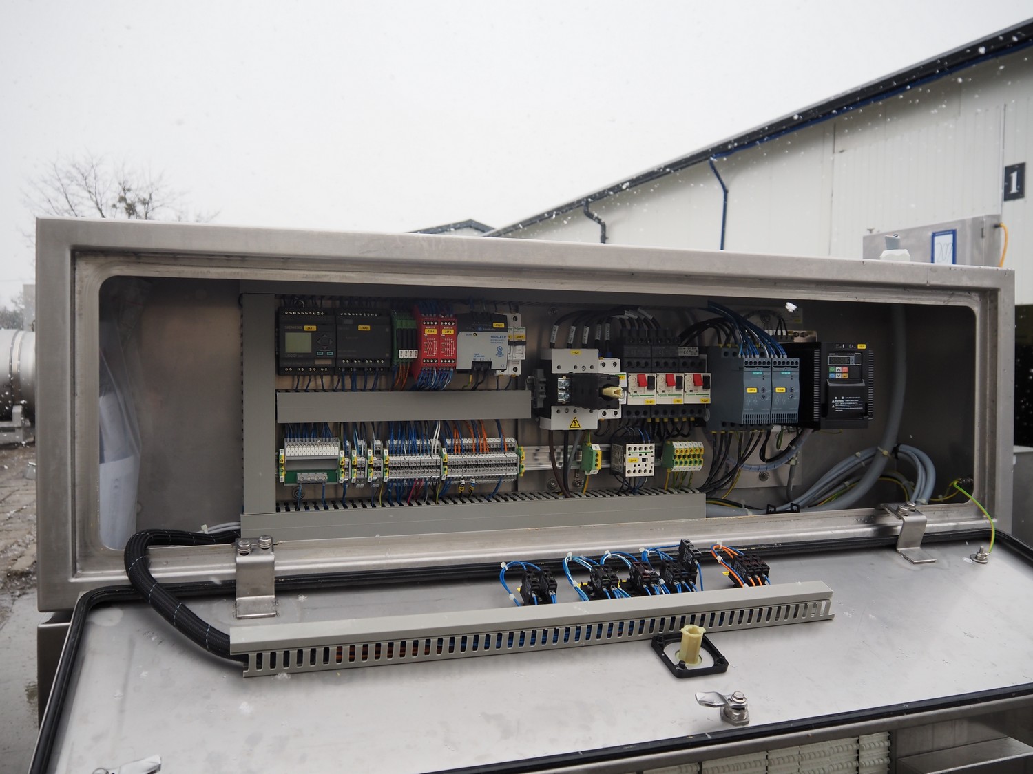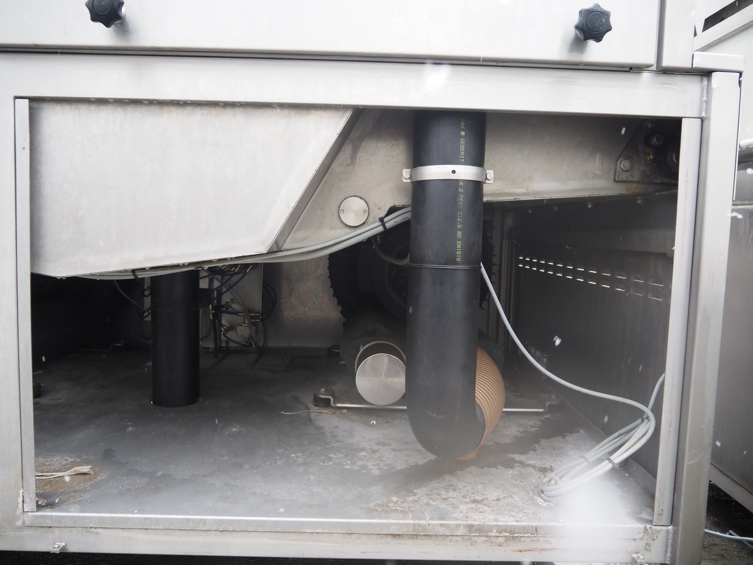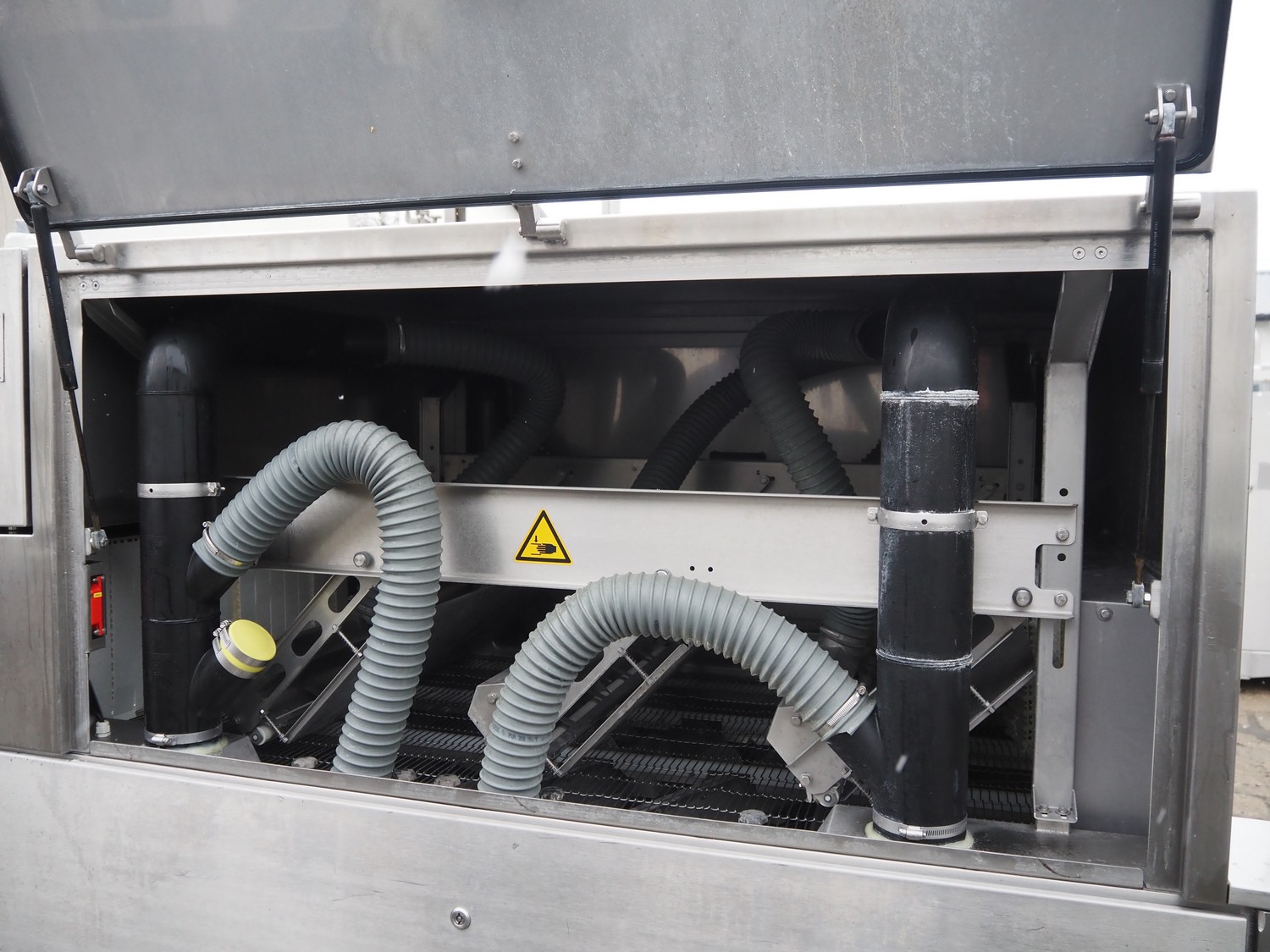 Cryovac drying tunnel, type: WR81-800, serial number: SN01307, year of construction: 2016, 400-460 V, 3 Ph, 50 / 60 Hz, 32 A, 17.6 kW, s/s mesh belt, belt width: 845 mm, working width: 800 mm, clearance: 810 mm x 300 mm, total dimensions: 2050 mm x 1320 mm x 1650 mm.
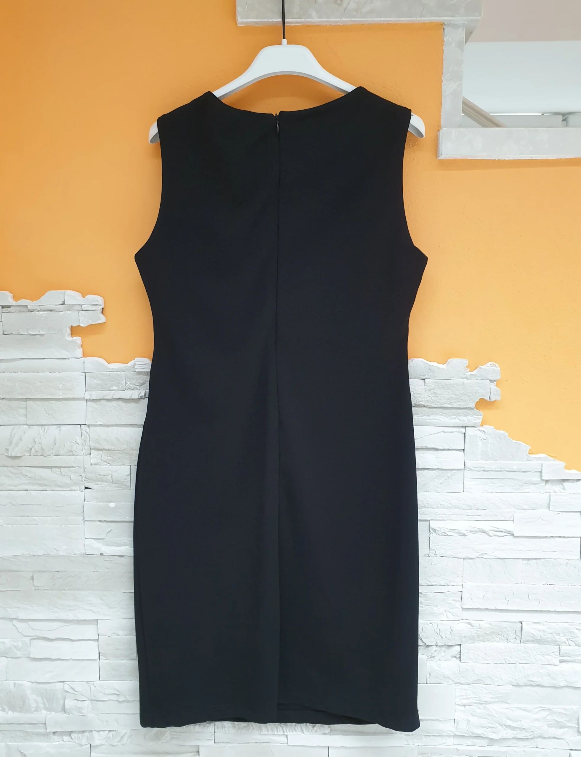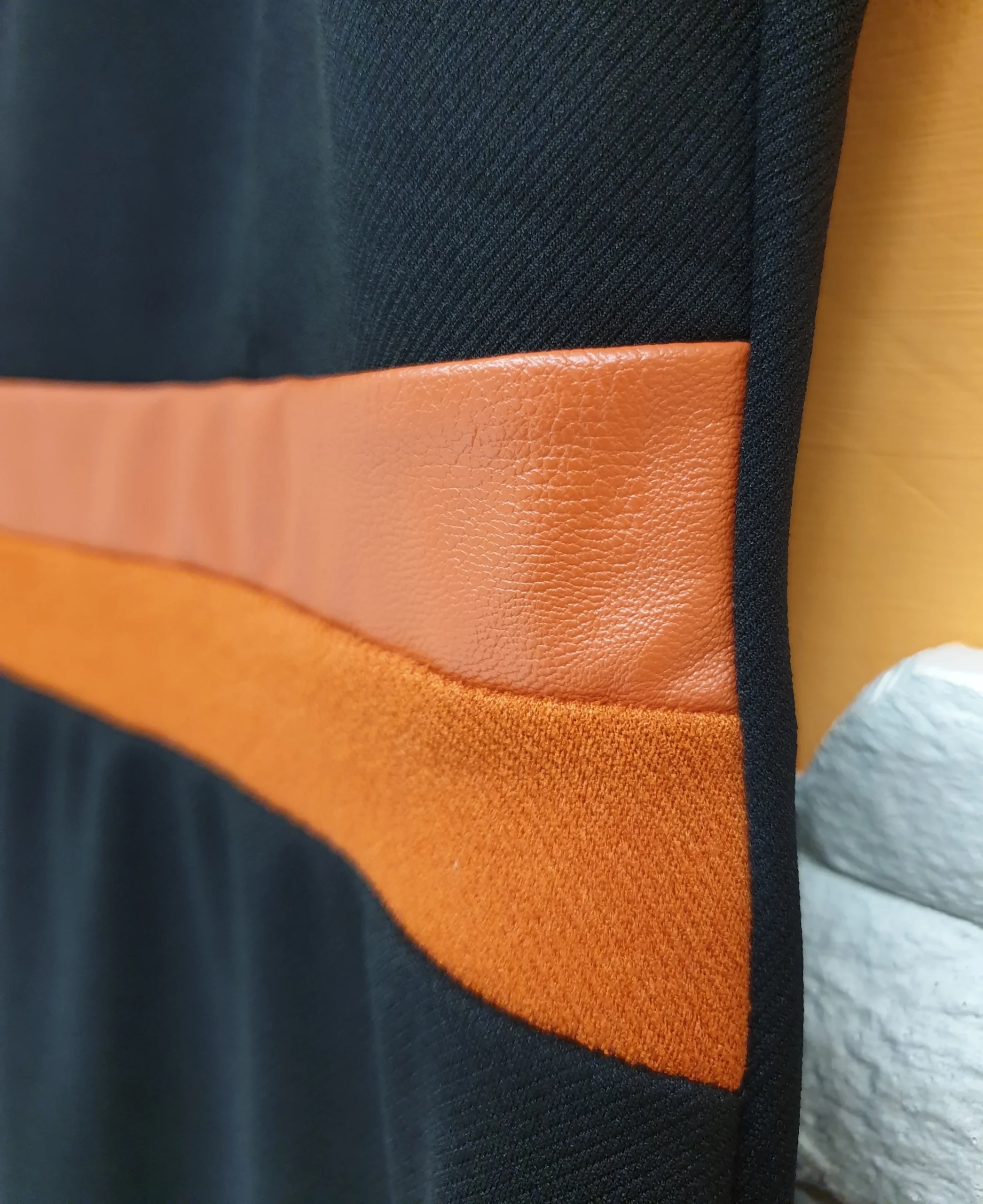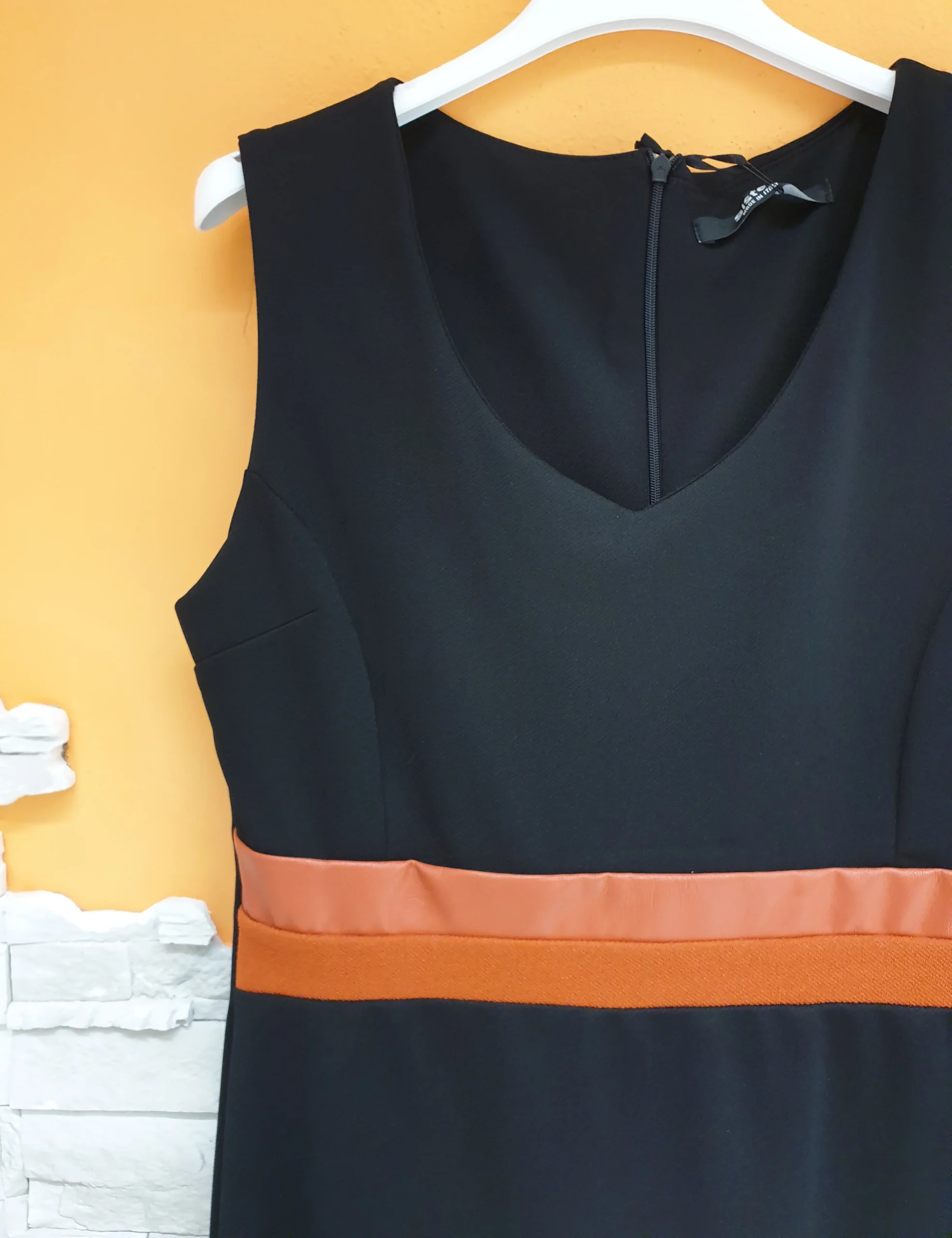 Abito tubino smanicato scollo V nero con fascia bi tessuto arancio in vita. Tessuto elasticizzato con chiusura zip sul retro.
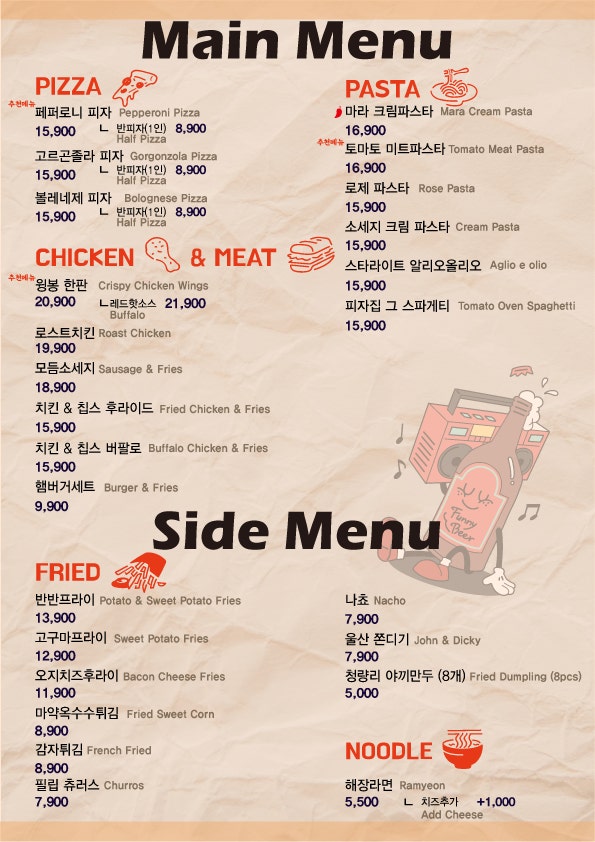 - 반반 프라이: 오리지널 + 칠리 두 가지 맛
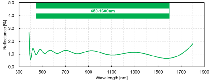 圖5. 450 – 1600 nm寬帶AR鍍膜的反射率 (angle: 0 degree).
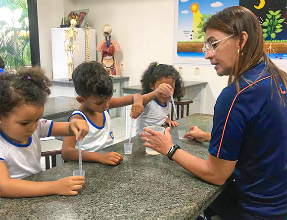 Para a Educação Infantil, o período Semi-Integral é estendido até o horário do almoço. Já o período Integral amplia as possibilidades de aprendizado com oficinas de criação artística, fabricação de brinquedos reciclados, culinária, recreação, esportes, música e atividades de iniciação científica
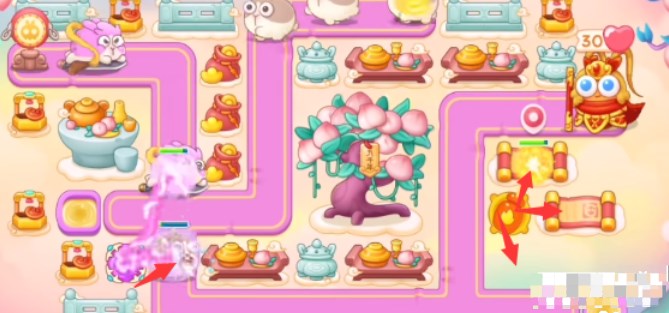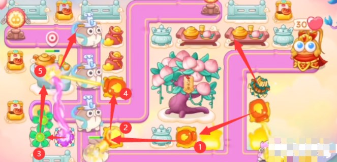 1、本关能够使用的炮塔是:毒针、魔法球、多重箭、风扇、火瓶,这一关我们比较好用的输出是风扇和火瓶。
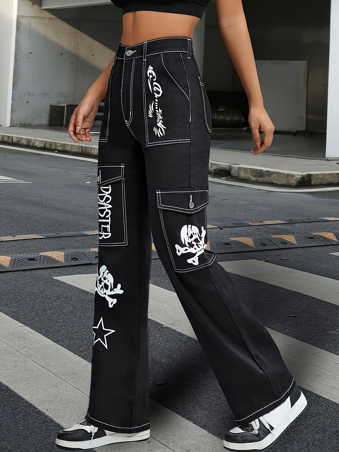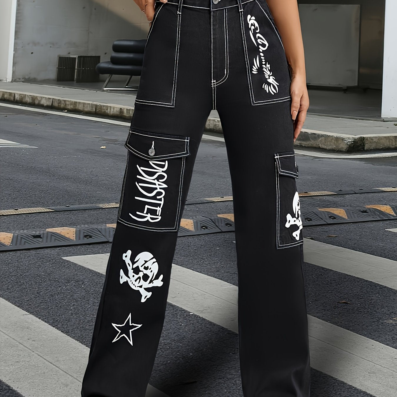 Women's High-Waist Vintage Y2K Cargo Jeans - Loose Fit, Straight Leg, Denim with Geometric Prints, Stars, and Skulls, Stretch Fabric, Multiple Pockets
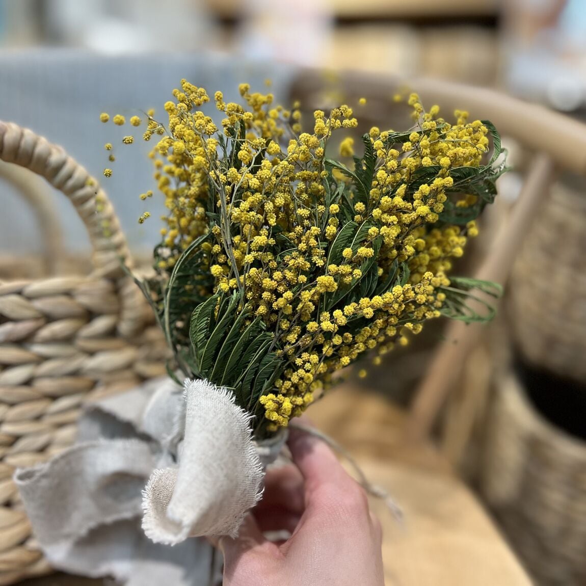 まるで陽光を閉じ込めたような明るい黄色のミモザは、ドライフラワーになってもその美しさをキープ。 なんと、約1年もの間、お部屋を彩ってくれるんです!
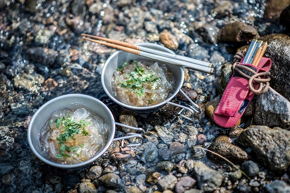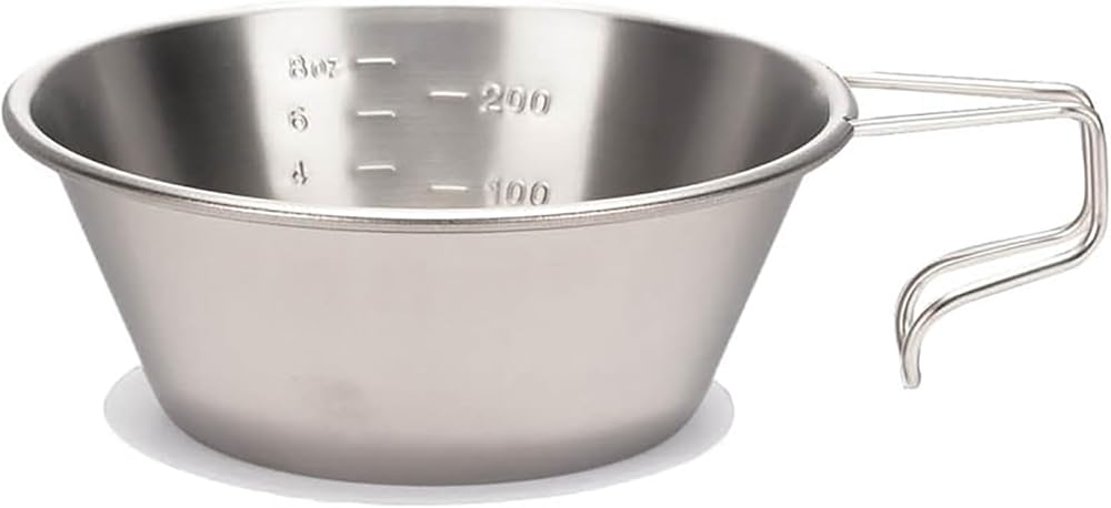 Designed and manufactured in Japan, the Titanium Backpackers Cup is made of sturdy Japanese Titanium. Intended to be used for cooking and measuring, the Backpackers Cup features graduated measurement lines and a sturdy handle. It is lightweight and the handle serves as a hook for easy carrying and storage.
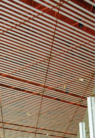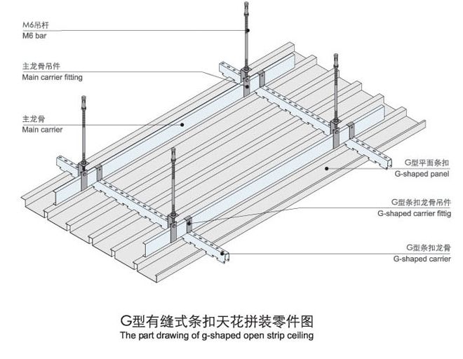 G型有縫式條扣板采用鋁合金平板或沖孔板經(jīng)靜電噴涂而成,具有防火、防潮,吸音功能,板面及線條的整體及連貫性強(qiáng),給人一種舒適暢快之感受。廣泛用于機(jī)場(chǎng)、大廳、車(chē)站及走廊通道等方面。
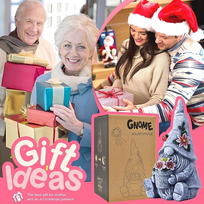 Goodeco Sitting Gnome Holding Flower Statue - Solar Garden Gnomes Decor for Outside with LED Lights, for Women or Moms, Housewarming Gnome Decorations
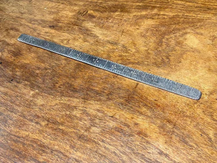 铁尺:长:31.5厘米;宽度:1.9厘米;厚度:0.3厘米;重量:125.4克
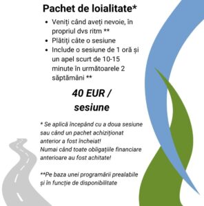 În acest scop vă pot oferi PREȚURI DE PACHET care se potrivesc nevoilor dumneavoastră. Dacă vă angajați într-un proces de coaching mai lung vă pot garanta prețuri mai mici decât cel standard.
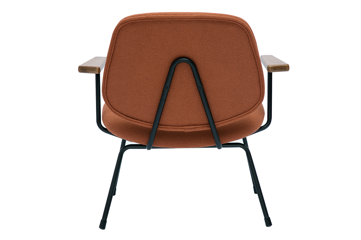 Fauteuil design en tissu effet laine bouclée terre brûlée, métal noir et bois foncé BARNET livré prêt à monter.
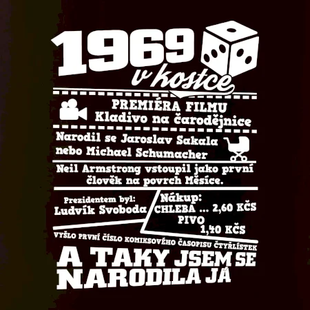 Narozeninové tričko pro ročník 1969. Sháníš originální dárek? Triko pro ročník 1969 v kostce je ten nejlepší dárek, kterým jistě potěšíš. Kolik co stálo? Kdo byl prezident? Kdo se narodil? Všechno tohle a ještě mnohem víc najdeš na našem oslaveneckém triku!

- [EXERCISE AIM]
Would you please reproduce the entries above, starting at the line with "铁尺:长:31.5厘米;宽度:1.9厘米;厚度:0.3厘米;重量:125.4克" and stopping after the line with "În acest scop"? Omit any pictures.

- [ANSWER BOX]
 铁尺:长:31.5厘米;宽度:1.9厘米;厚度:0.3厘米;重量:125.4克
 În acest scop vă pot oferi PREȚURI DE PACHET care se potrivesc nevoilor dumneavoastră. Dacă vă angajați într-un proces de coaching mai lung vă pot garanta prețuri mai mici decât cel standard.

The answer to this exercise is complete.